Reproduce the records below exactly, leaving their images out.
START Source material
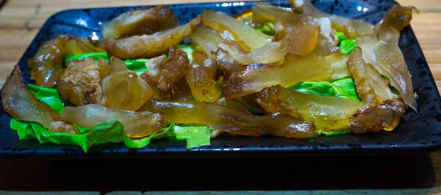 牛韧带,煮后透明,极有嚼劲,总是给人可以美容的感觉。
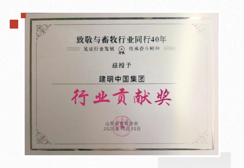 建明中国集团荣获山东省畜牧协会“行业贡献奖”
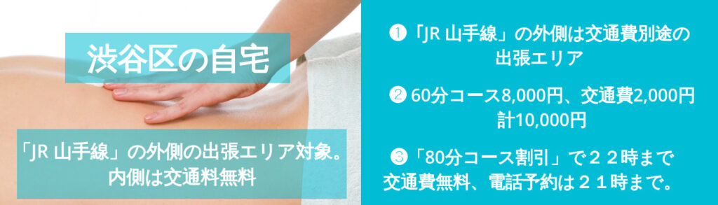 当店の出張マッサージの、出張エリアの中で、「渋谷区の自宅:交通費別途」について紹介しています。
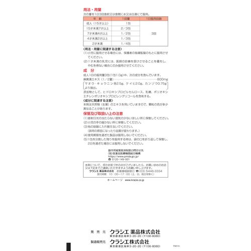 ●かぜのひきはじめで、さむけがして発熱、頭痛があり、身体のふしぶしが痛い場合の感冒、鼻かぜに効果があります。
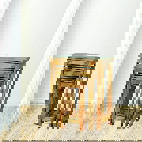 IN064 This set of 3 stools is crafted from 100% solid mango wood in an oak-ish finish, offering both strength and versatility. Perfect as extra seating, side tables, or everyday use, the compact design allows them to tuck neatly away when not needed—ideal for small spaces. Each stool is individually hand-distressed for a unique character, ensuring no two pieces are exactly alike.
END Source material
Solution to this exercise =
 牛韧带,煮后透明,极有嚼劲,总是给人可以美容的感觉。
 建明中国集团荣获山东省畜牧协会“行业贡献奖”
 当店の出張マッサージの、出張エリアの中で、「渋谷区の自宅:交通費別途」について紹介しています。
 ●かぜのひきはじめで、さむけがして発熱、頭痛があり、身体のふしぶしが痛い場合の感冒、鼻かぜに効果があります。
 IN064 This set of 3 stools is crafted from 100% solid mango wood in an oak-ish finish, offering both strength and versatility. Perfect as extra seating, side tables, or everyday use, the compact design allows them to tuck neatly away when not needed—ideal for small spaces. Each stool is individually hand-distressed for a unique character, ensuring no two pieces are exactly alike.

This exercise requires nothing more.